Whether you’re a researcher, practitioner, or enthusiast, this article will provide valuable insights into the state-of-the-art techniques and tools in computer vision.
Table of Contents:
Diffusion Models
Vision Language Models (VLMs)
Image Generation & Editing
Video Understanding & Generation
My E-book: Data Science Portfolio for Success Is Out!
I recently published my first e-book Data Science Portfolio for Success which is a practical guide on how to build your data science portfolio. The book covers the following topics: The Importance of Having a Portfolio as a Data Scientist How to Build a Data Science Portfolio That Will Land You a Job?
1. Diffusion Models
1.1. Applying Guidance in a Limited Interval Improves Sample and Distribution Quality in Diffusion Models
Guidance is a crucial technique for extracting the best performance out of image-generating diffusion models. Traditionally, a constant guidance weight has been applied throughout the sampling chain of an image.
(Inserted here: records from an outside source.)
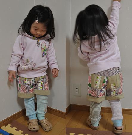 今さらなんですが、ようやくダウンベストを手に入れることができました!実は発売直後にベージュ100cmを購入していたのですが、ジャスト過ぎて来年着られなそうだったので、返品していたのです。どちらか送料無料のところで、ベージュかブラウンの110cmがポイント10倍になるのを待ってましたが、もう寒くなってきて待ってられないということで、りく&そらさんで、購入させていただきました。110cmが大きいのは分かっていましたが、やっぱり大きかったです!でもそれは想定の範囲内だったので、着画撮ってみましたよ~。まず下に着てる服はこれです。2歳1ヶ月 89cm 14kgCHIPTRIP フィギュアスケートハイネック パープル 100cmCHIPTRIP チェックパッチワークスカッツ ピンク 90cmなんか全体のバランスが悪い気がするのは気のせい?スカートが短すぎるのかしら。お腹が出てる?ずんどうだから?そして、ベスト(110cm)を羽織るとこんな感じで・・・。やっぱりベスト大きいですよね!スカートがほとんど見えなくなってしまいます。このスカートは短いから余計にそうなっちゃいますね。次は、主張パンツ(あやさえひなママさん命名?)と合わせて見ました~。2歳1ヶ月 89cm 14kgCHIPTRIP ファブリックパッチワークパンツ ブラウン 90cmCHIPTRIP ストレッチポンチスパッツ 08A/W 90cmパンツの方が、ベストが大きいのが目立ちづらいかな?やっぱりベストは、今年はパンツ、来年はスカートと合わせる作戦で行こうと思います^^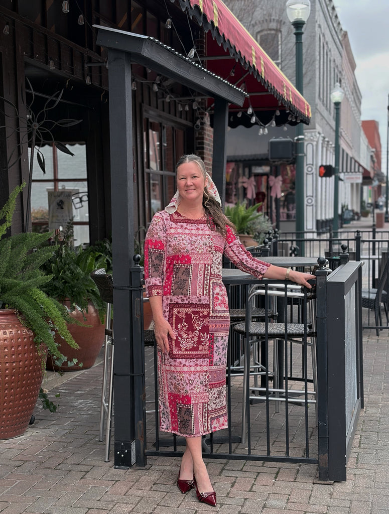 Our top-selling dress…..is a lightweight knit layering dress. Sports a round neck, 3/4 sleeves. It’s made fuller through the torso and tummy. The lower half of this dress tapers. This allows for a more slimming silhouette. Makes a very elegant layering dress. (It's not a bodycon) We've tried to leave ample room in the midsection. However, if you're gifted in the hip area, it may feel a bit snug. Just remember it’s a layering dress. So those snug areas will be covered!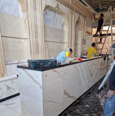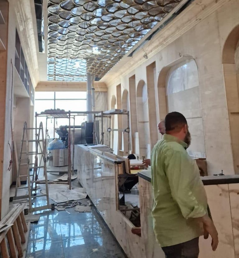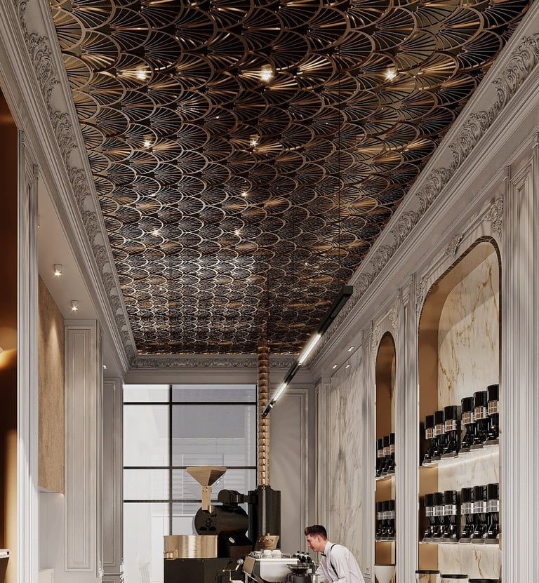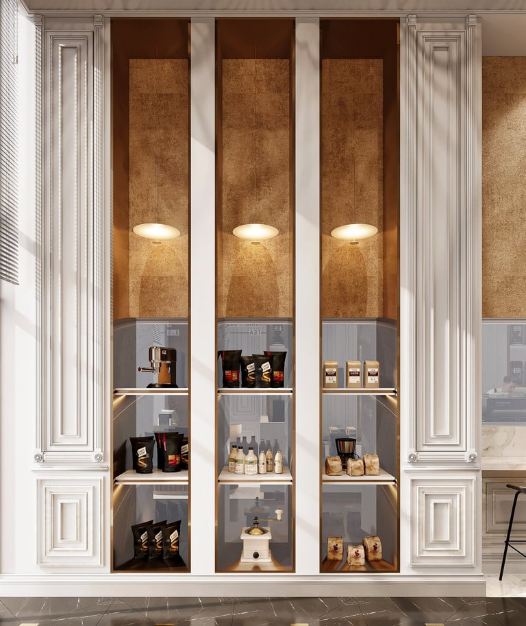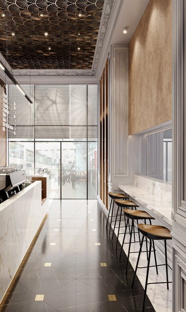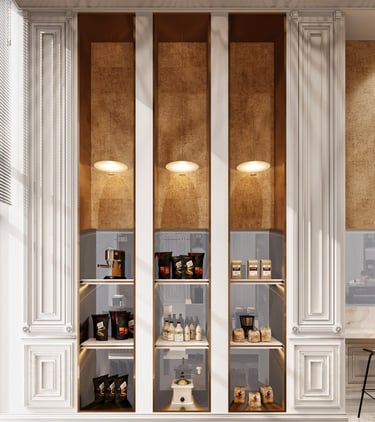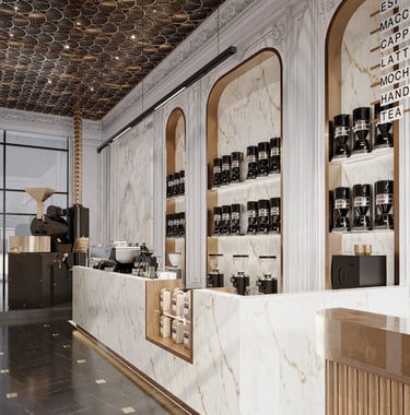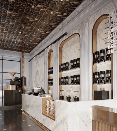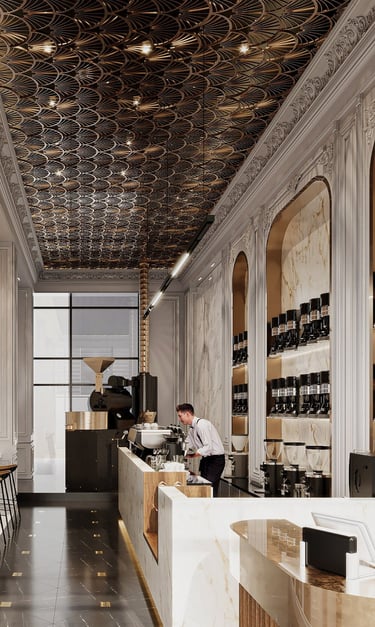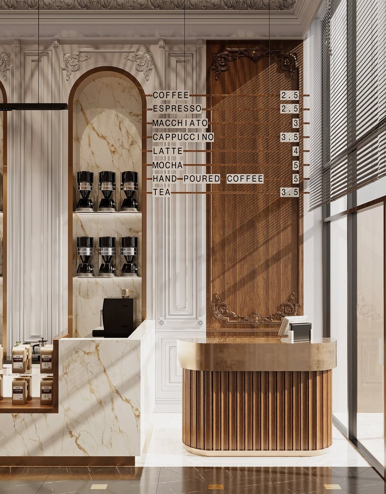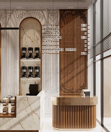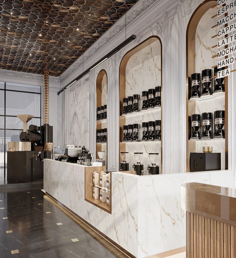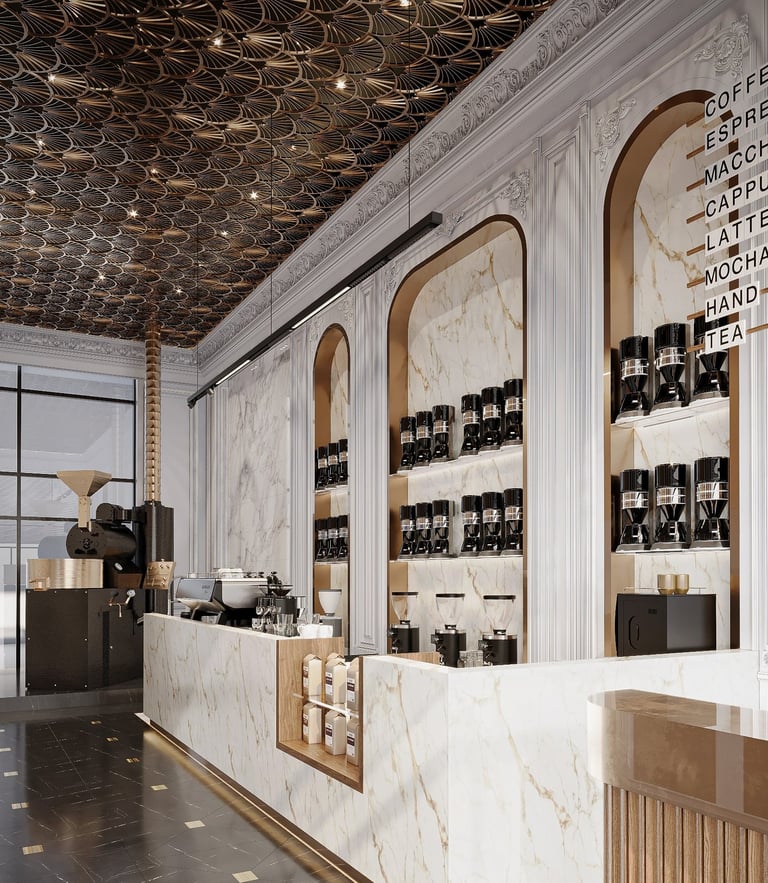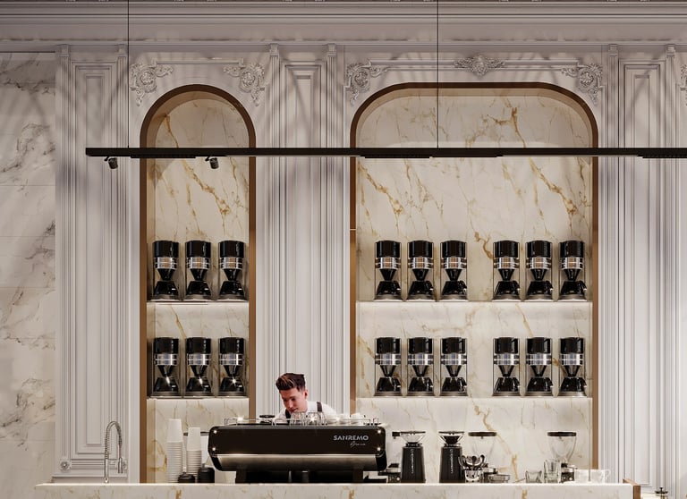 Combining traditional and modern design elements to create an inviting upscale environment that highlights both luxury and attention to detail in coffee preparation aiming for a harmonious balance of luxury and functionality.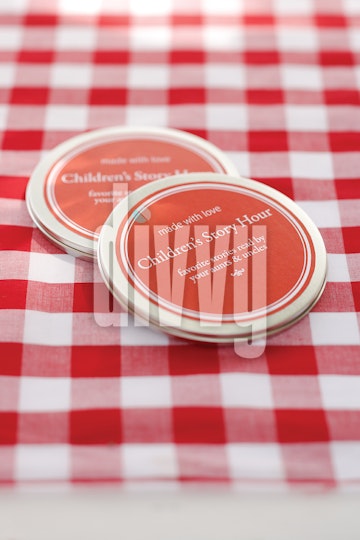 Two homemade CD cases rest on a red gingham picnic tablecloth.

We show that guidance is harmful toward the beginning of the chain (high noise levels), largely unnecessary toward the end (low noise levels), and only beneficial in the middle. We thus restrict it to a specific range of noise levels, improving both the inference speed and result quality.
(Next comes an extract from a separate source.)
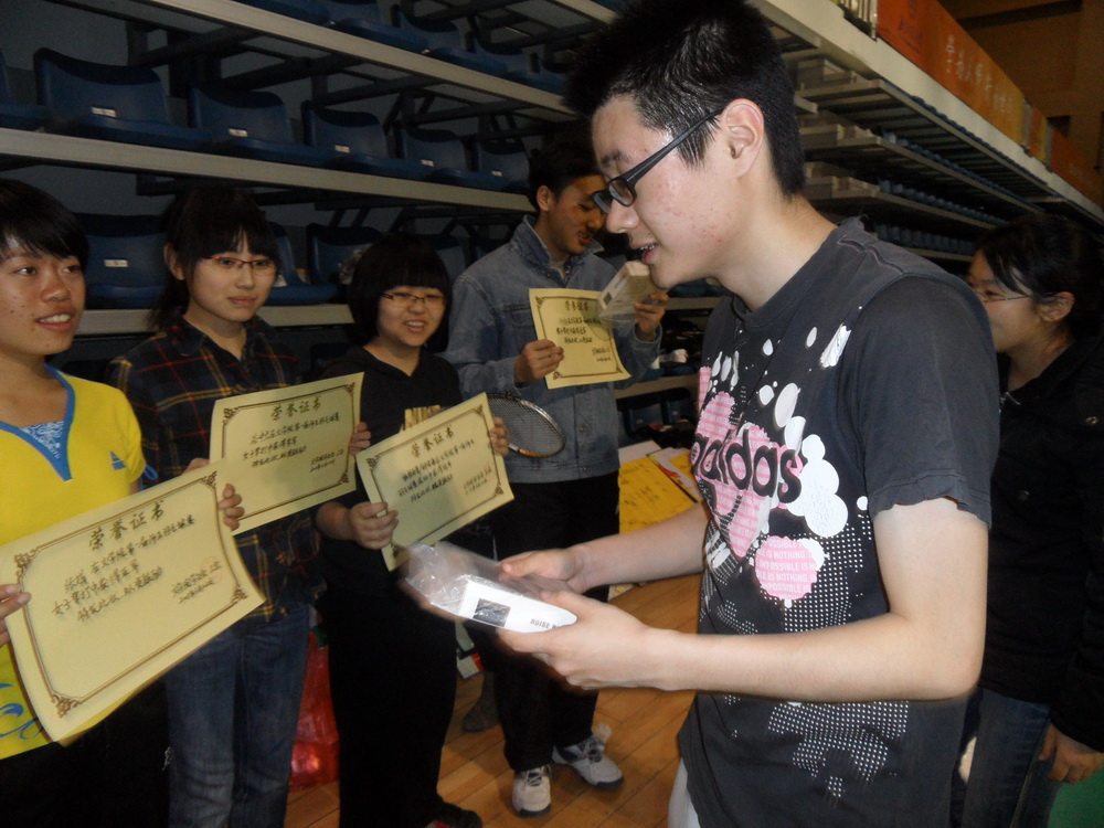 2011年3月23日晚6点笔趣阁 师生羽毛球球艺交流赛在邱季端体育馆顺利进行,笔趣阁 党总支书记兼副院长李国英老师、笔趣阁 分团委书记兼笔趣阁 研究生会秘书长周云磊老师、笔趣阁 学生会秘书长沈涵老师等领导、众多老师和各年级羽毛球爱好者参加了此次交流赛。活动中参赛选手通过球技的相互切磋交流,一方面增进了彼此了解,同时也深化了师生友谊。 比赛分两个场地同时进行,北侧场地的女子组首先由沈涵老师对阵10级谷中兰同学,为我们带来了精彩的开场。南侧场地也紧接着展开了女双和男双的几场比赛。比赛不但激烈而且非常精彩,为观众们奉献了一次次漂亮的扣杀,一记记精彩的救球,体育馆内气氛热烈、叫好声不断。其中10级姚梧雨桐同学强势的进攻、10级刘修远同学严密的防守、沈涵老师与马琼老师默契的配合,给大家留下了深刻的印象。最终,由08级刘旷野同学和他的搭档荣获男子双打冠军,10级的胡传海和姚梧雨桐则折桂混合双打冠军。女子双打冠军则由09级张娟和10级徐梦迪获得。男子单打和女子单打的冠军分入10级刘修远和姚梧雨桐囊中。 在整场比赛中,选手们左突右防,挥汗如雨,以友谊第一比赛第二的精神共同营造了羽毛球强身健体、师生同乐的良好氛围。这次羽毛球友谊赛,给同学们提供了一次在课堂之余和老师们交流的机会,有力促进和谐学院的构建,可谓一举两得。

This limited guidance interval improves the record FID in ImageNet-512 significantly, from 1.81 to 1.40. We show that it is quantitatively and qualitatively beneficial across different sampler parameters, network architectures, and datasets, including the large-scale setting of Stable Diffusion XL. We thus suggest exposing the guidance interval as a hyperparameter in all diffusion models that use guidance.
1.2. RealmDreamer: Text-Driven 3D Scene Generation with Inpainting and Depth Diffusion
We introduce RealmDreamer, a technique for the generation of general forward-facing 3D scenes from text descriptions. Our technique optimizes a 3D Gaussian Splatting representation to match complex text prompts.
We initialize these splats by utilizing the state-of-the-art text-to-image generators, lifting their samples into 3D, and computing the occlusion volume.
We optimize this representation across multiple views as a 3D inpainting task with image-conditional diffusion models. To learn the correct geometric structure, we incorporate a depth diffusion model by conditioning the samples from the inpainting model, giving a rich geometric structure.
Finally, we finetuned the model using sharpened samples from image generators. Notably, our technique does not require video or multi-view data and can synthesize a variety of high-quality 3D scenes in different styles, consisting of multiple objects. Its generality additionally allows 3D synthesis from a single image.
1.3. Aligning Diffusion Models by Optimizing Human Utility
We present Diffusion-KTO, a novel approach for aligning text-to-image diffusion models by formulating the alignment objective as the maximization of expected human utility.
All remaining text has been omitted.